Imagine my irritation, then, when today, a third handicapped sign appeared, once again in front of my building. And I about fucking lost it.
Really? Three fucking handicapped spaces in front of one building, and none by any other building in the complex? Where are these gimps coming from, and why are they all moving into my building? It's going to get to the point where there's nowhere for anyone else to park in this motherfucker. Parking was at a premium a year ago; now, so many people are claiming disabilities that within another year's time, I'll be parking on the adjacent street.
You can bet your ass I'll be watching those spaces like a hawk. The vehicles that park in the first two appear to have the proper permits; one has a disabled plate and the other has a hang tag. But if I ever see anyone parked there that doesn't, I will report them on the first offense. If the city can't do anything, I'll report it to the landlord and log every incident. But someone will hear about it.
Friday, to me, is one of the most promising days of the week. In particular, it's the promise of a nice weekend that gets my attention. :) I had tried to get some people together for the drive-in tomorrow night, but that didn't materialize because everyone had so much to do already. One guy's out of town, too, so we'll try it when he gets back. Also, next week is a four-day week, and that's never a bad thing.
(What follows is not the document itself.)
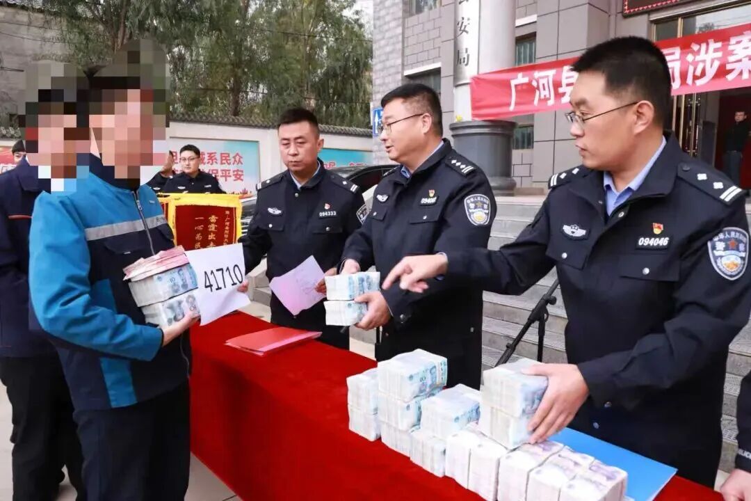 在发还仪式现场,民警严格按照涉案财物管理规范,对前期追缴的35万元现金、25部手机逐一核对信息、确认权属、登记备案,确保每一件财物都精准交还到受害群众手中,让“纸上战果”变成群众看得见、摸得着的安全感。

Today was kind of an allergy day, so I'm going to call it a night here pretty quick. I had planned on rearranging my bedroom tonight so that the desktop is on one power strip and the DSL modem and wireless router are on quite another, but that won't happen until tomorrow either; I want to be able to unplug the computer in bad weather without losing the option of getting online via wireless. That way, if anything gets fried by lightning, it'll be a $50 router instead of a $600 desktop.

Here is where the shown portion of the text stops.